地球環境 地球温暖化】 【掲載日】2020.11.18 【情報源】オランダ/2020.10.30 発表

 オランダ環境評価庁(PBL)は、年次報告書「気候・エネルギー見通し(KEV)」2020年版を公表した。同国気候法は、2030年までに温室効果ガス(GHG)排出を1990年比49%削減という目標を掲げており、KEVはこれに基づき、同年までの排出の推移を予測している。
 PBLは今回、新型コロナウイルス感染症(COVID-19)の影響も加味し、2020年前半の実測値と2つの排出シナリオを用いた2020年後半の予測値とを統合した。これによると、環境NGO「アージェンダ」が求める、2020年にGHG排出1990年比25%削減という目標を達成するには、排出量を1億6600万トン(CO2換算)以下に抑える必要があるが、高排出シナリオでは1億7400万トン、低排出シナリオでは1億6400万トンとなり、目標達成は不確実である。

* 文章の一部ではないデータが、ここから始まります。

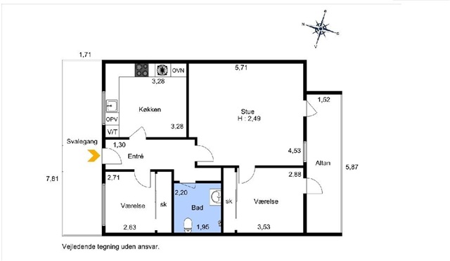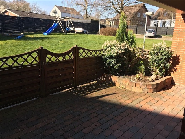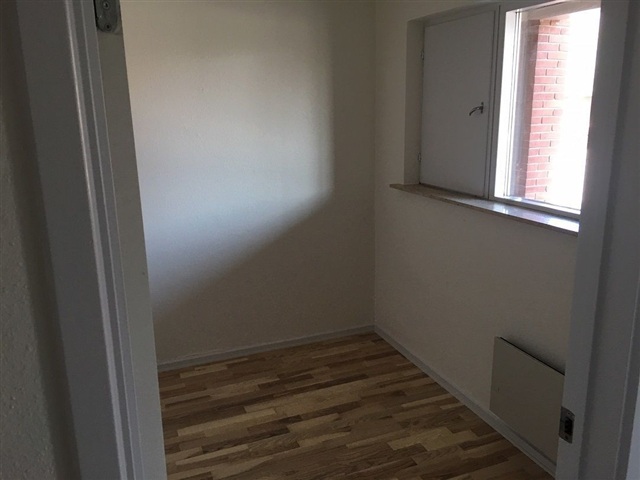 This beautifully and thoroughly renovated apartment offers a bright and contemporary living space centrally situated in Ikast, within close proximity to the pedestrian street and train station. The layout includes an entrance hall leading to a newly installed kitchen featuring white cabinetry contrasted by a black countertop, ample space for dining, and equipped with a washing machine, dryer, and dishwasher. There is a room with sliding wardrobes and a recently updated bathroom illuminated by natural light, boasting floor-to-ceiling tiles in the shower area, a large washbasin unit, and tiled flooring.The spacious living room is characterized by light-colored flooring and high ceilings, opening directly onto a generous south-facing courtyard. The apartment contains a bedroom fitted with sliding wardrobes, which also provides access to a private courtyard. Additionally, the apartment comes with a storage room located in the basement. Heating is supplied by electric radiators, and water consumption is covered by the rent. Shared facilities include a south-facing communal garden and a parking area for residents. Keeping pets in the property is prohibited.

 また、2030年のGHG排出は1990年比34%減となる見通しで、気候法の目標を15ポイント下回る。目標達成には今後10年間の年間排出削減量を2010〜2019年の倍(600万トン)に引き上げる必要があるという。
 同報告ではそのほか、5部門(産業、建築、電力、運輸、農業・土地利用)のうち2030年までに最も排出削減が進むのは電力部門とみられること等が指摘された。